Our second show was a last minute one. Owen suggested the day we arrived that we could see if XANADU was at the TKTS booth. It wasn't but I went online and found 2 stalls seats for Saturday matinee. I had heard it was a fun show but I wasn't sure if I would like it or not, as a knowing production can sometimes be irksome. It was GREAT! Within minutes of the lights going down I was laughing and I didn't stop for it's 90 minutes playing time.
God knows it's easy to laugh at the film - it's clueless, empty plot with a hopeless leading man and heady whiff of naff make it one of the clutch of musicals - CAN'T STOP THE MUSIC, THE JAZZ SINGER, PENNIES FROM HEAVEN and yes even FAME - that made the musical such a busted flush for years. So when word got out that XANADU was skating onto the Helen Hayes Theater stage there was total bafflement... had the screen to stage idea sunk THAT low?
What had not been taken into the equation was gay playwright Douglas Carter Beene who has taken the initial plot - street artist is helped by a muse of the arts to fulfill his dream of opening a roller-disco! - and treated it with the ridicule it deserves. No opportunity is passed up to lampoon the plot and the book also has a post-modern spin where the characters are in on the joke. However even when this attitude is applied within the songs it is done with such affection that it's never distancing. There are also nice little touches like the CHICAGO rip-off seen above.

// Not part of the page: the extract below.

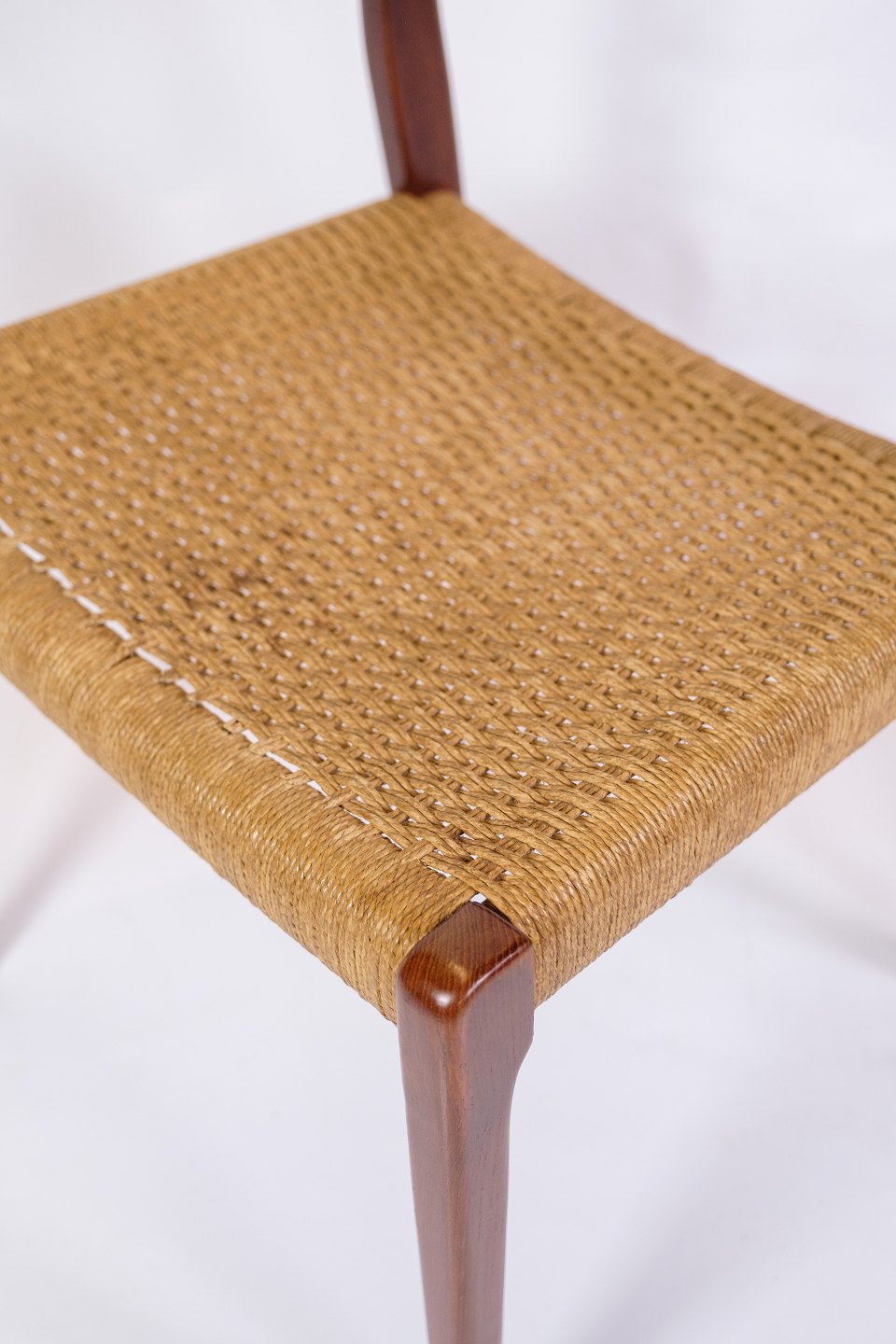 Niels Otto Møller, known for his clean lines and focus on craftsmanship, has designed these chairs with a balance between form and function. The model's slim, curved lines and ergonomic design ensure optimal comfort and support. Møller's design philosophy focuses on highlighting the natural beauty of the materials and creating furniture that is both aesthetically pleasing and practical.

The score is of course one of the reasons for the show's success: "Evil Woman", "All Over The World", "Suddenly", "Strange Magic", "Don't Walk Away" and of course XANADU are all socked over the footlights and Jeff Lynne's slightly theatrical pop sensibility finds it's perfect setting. The inevitable encore 'mega-mix' for once had me clapping and singing along with gusto. The Greek amphitheatre set involves a few lucky punters who get to sit on the stage but are not really utilised, the design is fairly simple - until the finale when every shape and size of glitterball appear from the flies.... it was so wild!
The main success for the show is the cast who give it their all. Kerry Butler was a real delight as Clio the muse who in human form changes her name to Kyra, wears legwarmers and rollerskates - oh and sports the worse Austryliene accent eevah. When she sings she channels Olivia Newton-John's breathy vocals but has a neat voice too. I liked her version of "Suspended In Time" - the fact she sang it sitting side-saddle on a floating large Pegasus was all the more fun.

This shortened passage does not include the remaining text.